## Exercise objective
For the material below, the expected output is exactly the lines between the line holding "More information about" and the line holding "男性向けラノベタイトル風あだ名 | 『はちぐちの嫁は女の子じゃないと思った?』 |", inclusive, with pictures left out.

Top of Records supplied

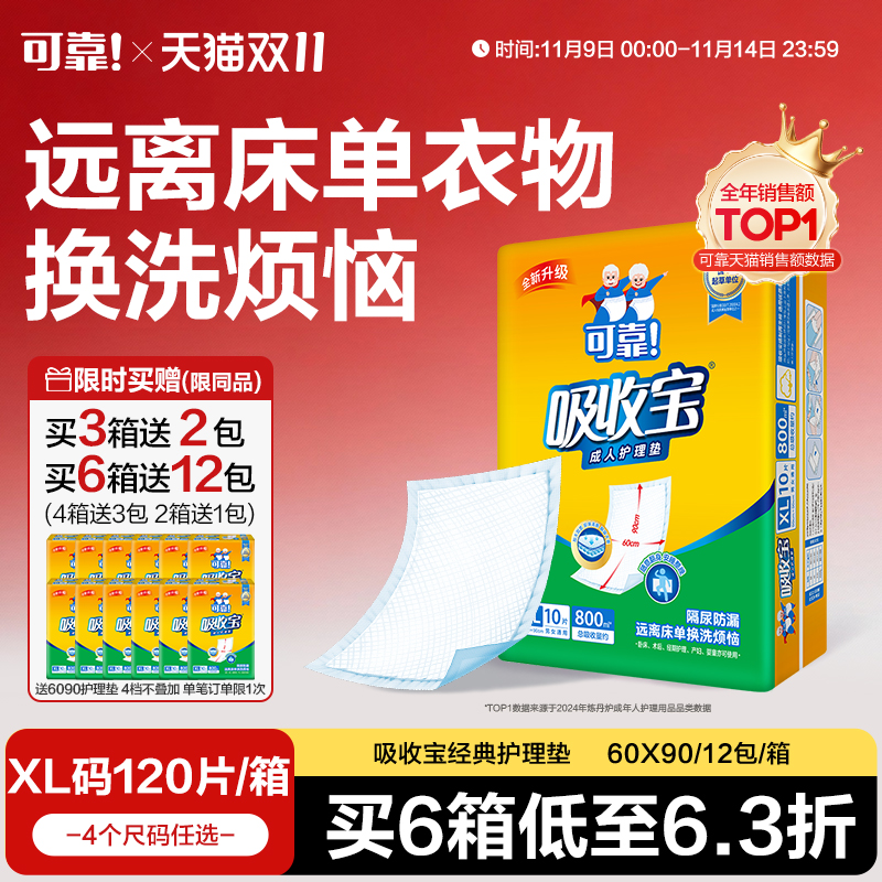 可靠吸收宝成人护理垫60x90老人用一次性隔尿垫120片尿不湿产妇垫
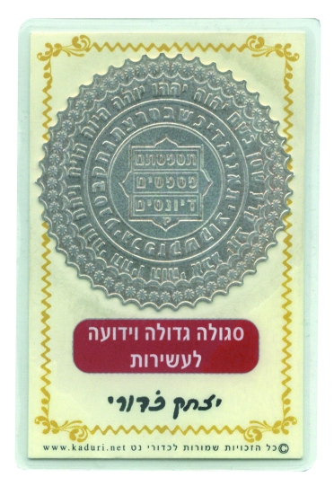 קרא עודקמיע בגודל כרטיס אשראי, עשוי כסף טהור ובו מוצפנים שמות קודש ע"פ ספרי הסוד של הרב
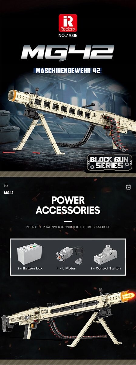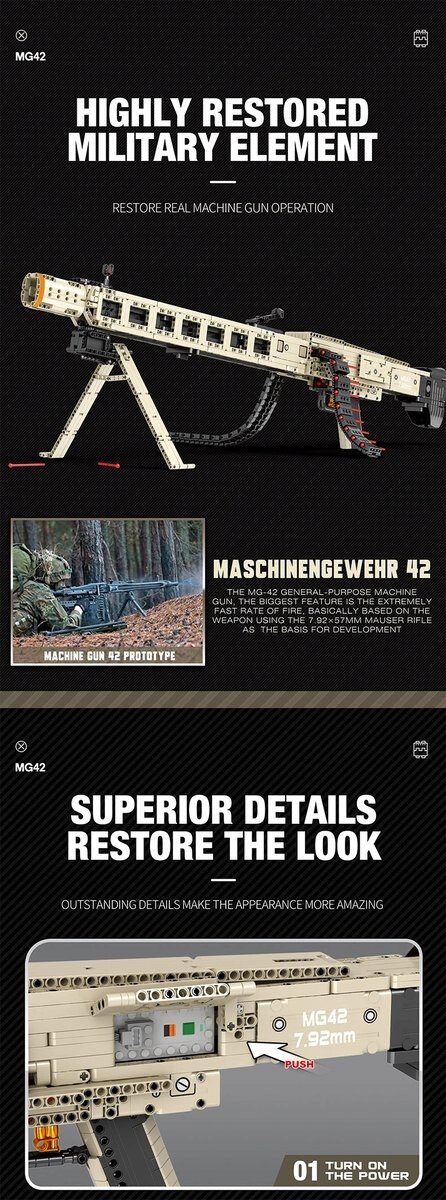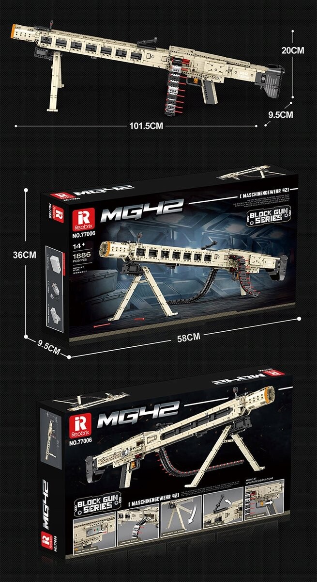 Перенеситесь в мир истории и военной точности с набором Универсальный пулемет Reobrix MG-42 ! Этот уникальный набор, состоящий из 1886 элементов, MG-42 и по сей день считается одним из лучших пулеметов в истории.
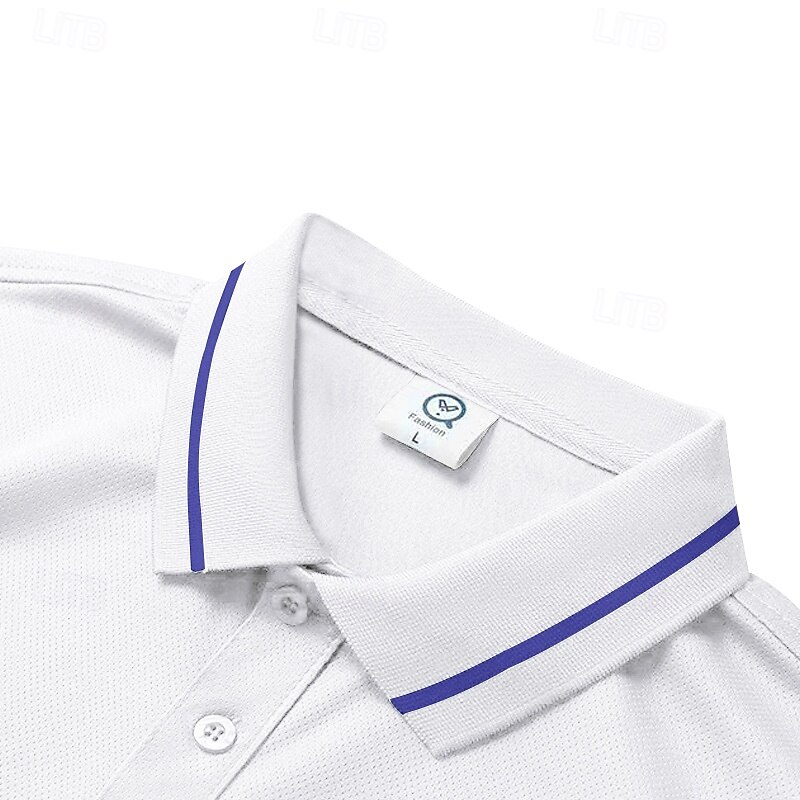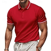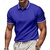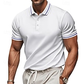 More information about Men's Polo Golf Shirt Business Casual Ribbed Polo Collar Short Sleeve Fashion Basic Solid Color Plain Buttons Summer Spring & Fall Regular Fit Black White Pink Red Navy Blue Royal Blue Polo
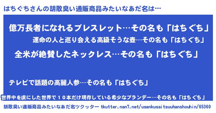 | 男性向けラノベタイトル風あだ名 | 『はちぐちの嫁は女の子じゃないと思った?』 |
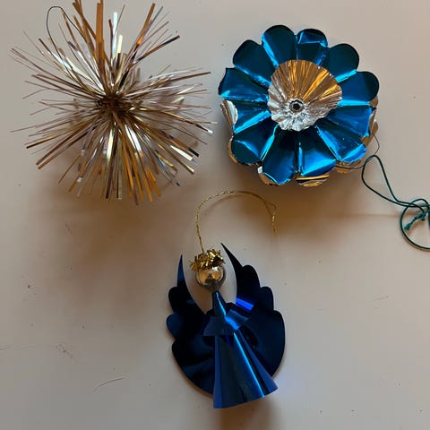 Gamle folieblomster, Smukke gamle folieblomster med glas-minikugler i midten. Aldrig brugte, og i original emballage. Den er dog brudt på bagsiden.
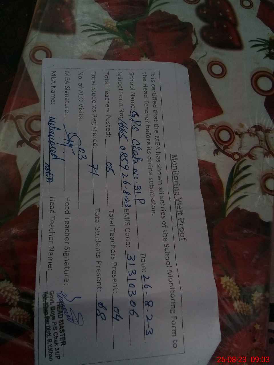 | EMIS Code: 31310306 | Name of School: GPS CHAK NO. 31/P. P.O. BAGHO BEHAR | |||
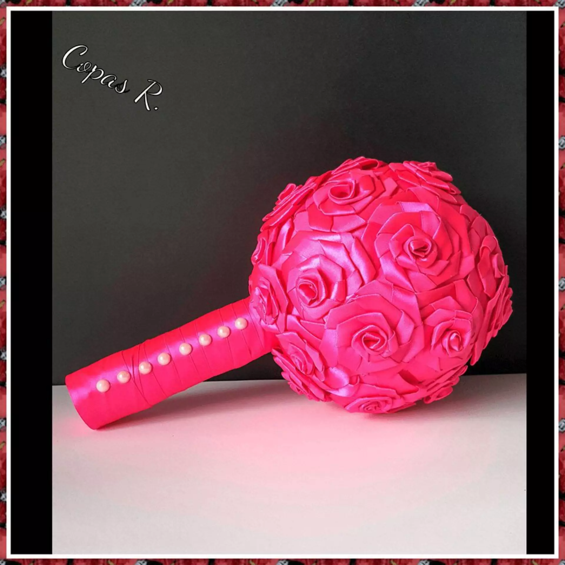 Diferentes tipos de ramos hechos en una base de porexpan y diferentes materiales como cinta de satin,rosas de goma eva etc.
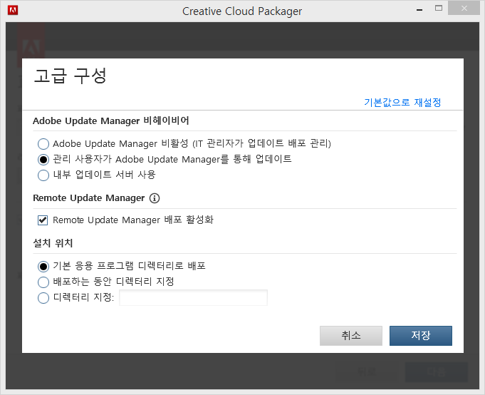 “Apps 패널을 통해 애플리케이션 및 업데이트 표시” 옵션을 선택 해제하면 고급 구성 대화 상자의 “Adobe Update Manager를 통해 관리 사용자 업데이트” 옵션이 선택 해제됩니다. 단, 이 구성 변경 내용은 저장되지 않습니다. 이는 차후에 패키저를 실행하면 “Apps 패널을 통해 애플리케이션 및 업데이트 표시” 옵션이 선택된다는 것을 의미합니다. 또한 “Adobe Update Manager를 통해 관리 사용자 업데이트” 옵션도 표시됩니다.

Bottom of Records supplied

## Solution to this problem
 More information about Men's Polo Golf Shirt Business Casual Ribbed Polo Collar Short Sleeve Fashion Basic Solid Color Plain Buttons Summer Spring & Fall Regular Fit Black White Pink Red Navy Blue Royal Blue Polo
 | 男性向けラノベタイトル風あだ名 | 『はちぐちの嫁は女の子じゃないと思った?』 |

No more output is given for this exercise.